= INSTRUCTIONS TO FOLLOW =
Copy out each line of the material exactly. Pictures do not belong in the copy.

= COLLECTED DATA =
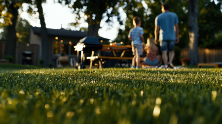 Blurred background of a summer backyard party with barbecue grill, green grass and warm bokeh lights
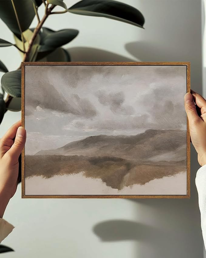 - Abstract Natural Wilderness and Earth Tone Elegance:This vintage landscape abstract canvas wall art features a peaceful hillside lake scene in soothing gray and brown earth tones. The oil painting style highlights the natural beauty of the couAntryside, adding a touch of rustic farmhouse charm to your space. Its timeless design effortlessly brings nature's tranquility into any room.
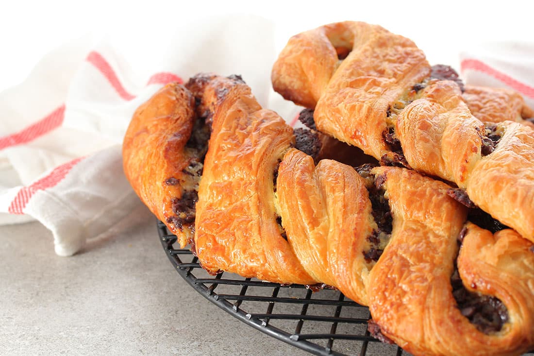 An irresistible recipe for pure-butter croissant dough, with the sweet taste of confectioners custard and chocolate chips.
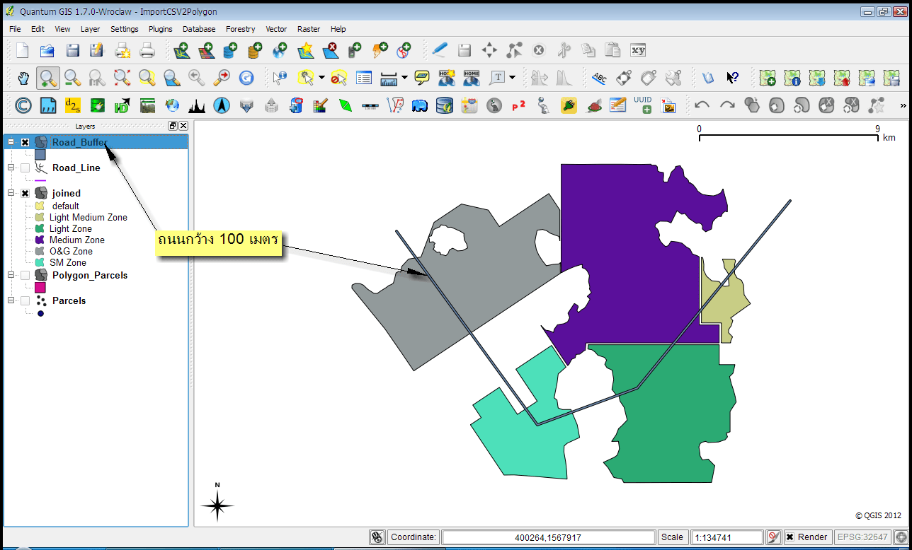 • โจทย์ก็มีว่าถ้ามีแนวถนนกว้างเท่ากับ 100 เมตร (จริงแล้วคือเขตถนนหรือ right of way) ผ่านเข้าไปในแปลงที่ดิน ให้ประมวลผลว่าเข้าไปในแปลงไหนพร้อมแสดงเป็น map

= WRITTEN SOLUTION =
 Blurred background of a summer backyard party with barbecue grill, green grass and warm bokeh lights
 - Abstract Natural Wilderness and Earth Tone Elegance:This vintage landscape abstract canvas wall art features a peaceful hillside lake scene in soothing gray and brown earth tones. The oil painting style highlights the natural beauty of the couAntryside, adding a touch of rustic farmhouse charm to your space. Its timeless design effortlessly brings nature's tranquility into any room.
 An irresistible recipe for pure-butter croissant dough, with the sweet taste of confectioners custard and chocolate chips.
 • โจทย์ก็มีว่าถ้ามีแนวถนนกว้างเท่ากับ 100 เมตร (จริงแล้วคือเขตถนนหรือ right of way) ผ่านเข้าไปในแปลงที่ดิน ให้ประมวลผลว่าเข้าไปในแปลงไหนพร้อมแสดงเป็น map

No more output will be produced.